Recap of Apache Spark News for May 2017

Apache Spark Monthly News Update -Learn what happened in the Apache Spark Community in the month of May 2017.

Recap of Apache Spark News for May 2017
 |  BY ProjectPro

News on Apache Spark - May 2017

Apache Spark News for  May 2017

Using Apache Spark Machine Learning for Pattern Detection. RTInsights.com, May 2, 2017.

Predicting consumer behavior is the key to successful marketing but a  major challenge here is on how to filter out the noise from customers who are ready to buy. Consumer behavior data is usually on the scale of petabytes, analytic queries can tax data stores. Alexander Sadovsky, director of data science at Oracle  said that they are solving the problem by moving Oracle Data Cloud from an on-premise single machine for data processing to cloud based Hive and ultimately to Apache Spark cluster.

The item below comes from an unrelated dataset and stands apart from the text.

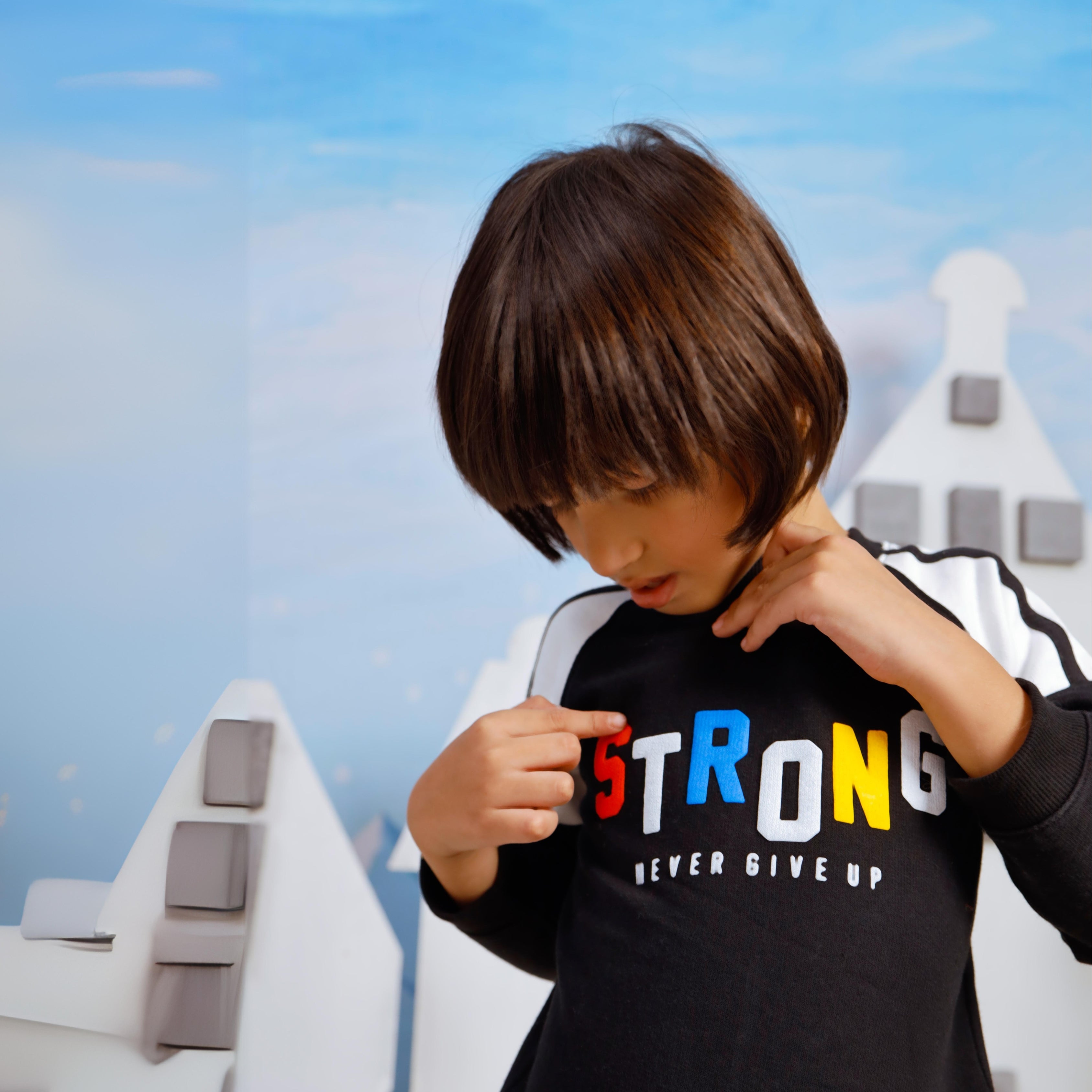 - Inspirational Chest Print: Featuring a motivational print that reads “Strong - Never Give Up,” this sweatshirt encourages resilience and positivity in your toddler.

Moving to spark cluster will help them process data faster with several in-built machine learning libraries.

(Source : https://www.rtinsights.com/using-apache-spark-machine-learning-to-predict-consumer-behavior/ )

Access Solved Big Data and Data Science Projects

Nordea banks on move to machine-led decision making.Diginomica.com, May 9, 2017.

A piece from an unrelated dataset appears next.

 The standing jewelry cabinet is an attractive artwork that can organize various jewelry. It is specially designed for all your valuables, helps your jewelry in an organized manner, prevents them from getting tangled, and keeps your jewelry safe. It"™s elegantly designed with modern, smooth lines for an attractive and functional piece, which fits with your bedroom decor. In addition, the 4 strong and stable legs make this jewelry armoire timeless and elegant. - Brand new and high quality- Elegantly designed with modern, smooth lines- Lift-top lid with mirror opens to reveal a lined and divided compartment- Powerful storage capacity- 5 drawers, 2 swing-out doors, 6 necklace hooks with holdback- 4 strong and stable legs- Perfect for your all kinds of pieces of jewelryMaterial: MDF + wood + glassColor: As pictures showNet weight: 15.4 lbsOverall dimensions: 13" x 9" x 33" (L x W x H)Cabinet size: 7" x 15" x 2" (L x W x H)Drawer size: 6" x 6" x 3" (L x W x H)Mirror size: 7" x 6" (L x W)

Swedish Bank Nordea is moving to machine-led decision making. It has realized the need to implement a better analytic system. The bank has implemented Cloudera data lake architecture based on Hadoop in an attempt to enhance its data gathering capabilities. This architecture helps the bank to  produce, report, and monitor core data at a rapid pace.Alasdair Anderson, Nordea’s head of data engineering states that the key to its set-up is the use of cluster technology -Apache Spark that underlies the hadoop data lake. For the team at Nordea, Apache Spark is a natural evolution from the MapReduce era of Hadoop.

(Source : http://diginomica.com/2017/05/09/nordea-banks-move-machine-led-decision-making/ )

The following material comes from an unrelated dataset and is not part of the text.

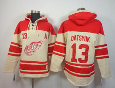 Detroit Red Wings #13 Pavel Datsyuk Red-Cream Pullover Hooded

Impetus Technologies to Host Webinar Highlighting Real-Time Data360 on Apache Spark.PRNewsWire.com, May 10, 2017

Impetus Technologies hosted a  “Real-Time Data360 on Apache Spark” webinar on May 12 for people who want to learn all-in-one apache spark strategy for big data analytics. The main focus of the webinar was to discuss about the challenges IT teams face when choosing one vendor for data ingestion , one vendor for data wrangling and another one for machine learning analytics and some other vendor for data visualization. For organizations that have already opted to use Apache Spark as a big data framework , it is easier to do big data analytics as it is an all-in-one platform.The only challenge here in using Spark as the all-in-one platform is finding skilled and talented Scala / Java programmers for building Spark applications.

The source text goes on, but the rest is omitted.